Unhappiness in retirement is a well-documented issue. Silver, of the University of Toronto Scarborough, says retirement can be “an incredibly dissatisfying experience” for those whose personal and work identities are intertwined. She suggests the pandemic offered many people a preview of retirement - being with your partner all day, or alone all day, without the traditional structures of work – and that some people who traditionally would have retired by now realised the lifestyle didn’t appeal to them.
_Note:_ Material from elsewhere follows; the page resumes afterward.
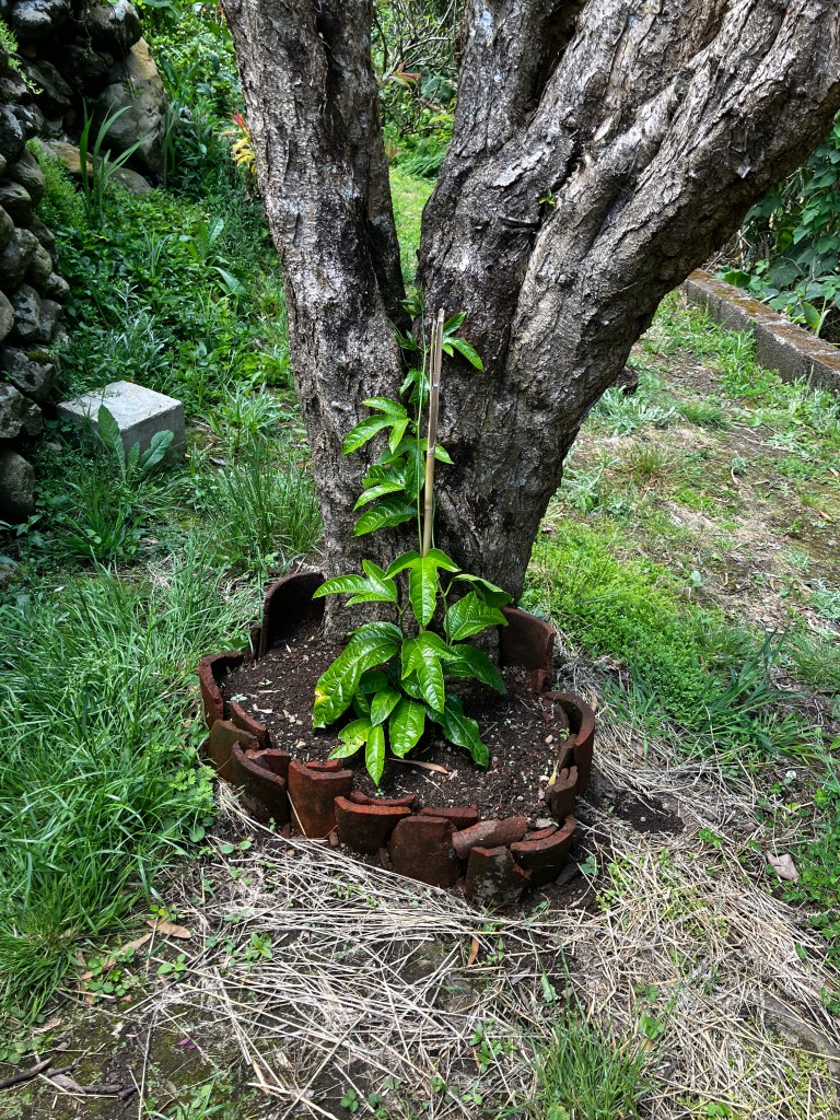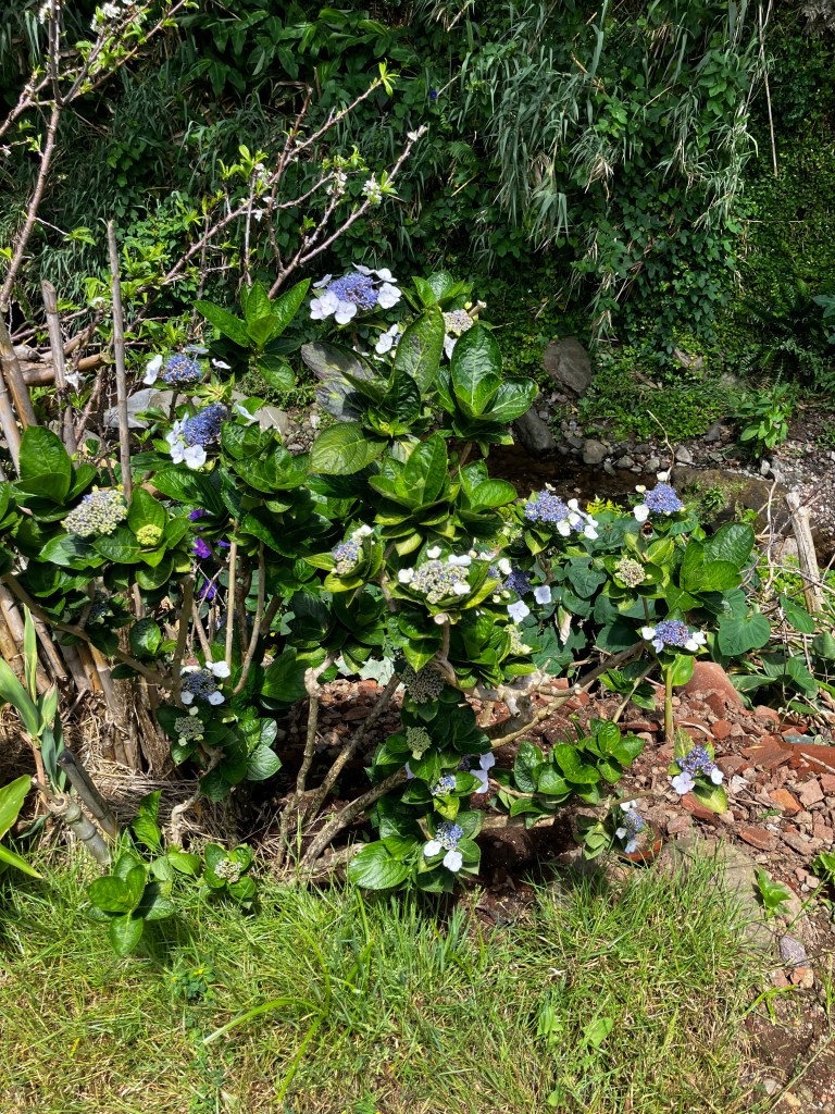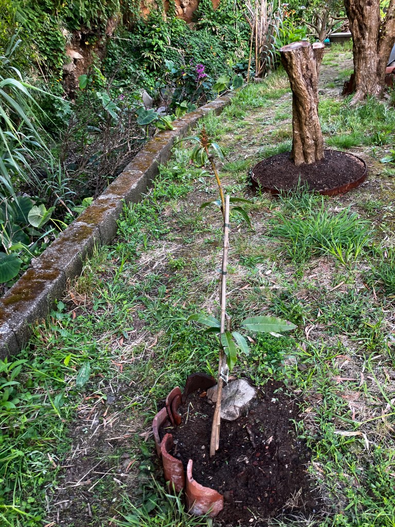 We planted a passionfruit vine at the base of the newly-trimmed cherry tree and are looking forward to it climbing and producing egg-shaped fruit. Behind that we created a small round garden bed and planted watermelon seeds (already sprouting well) and behind that we planted a mango tree! Our single hydrangea bush has really taken off after the trimming we gave it last summer – the flowers are just starting to open. And lastly, many thanks to Lukus’ mom and dad for the lovely wind chimes now hanging in the araçal tree above the herb garden (just mint and oregano thus far).

Plus, as flexible work practices increasingly become the norm, it’s become much easier to continue to do some work from a retirement setting – as Annie Llewellyn discovered. She retired 10 years ago, after a career as a university lecturer. “The first year, I really enjoyed it,” she says. “But then I realised, I didn’t have enough money to really support myself.” So, she took on freelance work, such as marking papers and giving lectures. “Now I really enjoy the flexibility of having a retirement income plus a job,” says Llewellyn, who lives between Italy and a shared house in Wales.
Since the pandemic has accelerated the adoption of more flexible working practices, Llewellyn has found it much easier to maintain her unretired lifestyle. “Coronavirus changed the world of homeworking,” she says. “I don't work full time by any means, I wouldn't want that, but I think it's a new stage of life.”
If current cost-of-living concerns ease, it’s possible that some older workers will no longer feel the need to be employed past retirement. But general trends – we’re living and working longer, and many of us aren’t saving adequate pension pots – suggest that ‘retirement’, for many, will include working in some form.
The shift to flexible work, however, could benefit both today’s retirees and also the younger workers lamented as the generations who will never be able to afford to retire. Before, the wealth gap between boomers and later generations might have meant many people toiling away at their desks well into their 70s.
But flexible working offers a new option – a different version of the beachy retirement fantasy. Last week, Llewellyn took a weekend trip to Corfu with a friend. “I was working for a few hours, but I was swimming, too,” she says.
This flexible version of retirement won’t be available to everyone, but it is an indicator of how the concept itself can and should evolve. “I think it’s really important to recognise that retirement is just a phase that was invented, it’s not a natural progression or an essential stage of life,” says Silver. “I think that now, lots more people will questions what it means, and whether it is really a life goal for everyone.”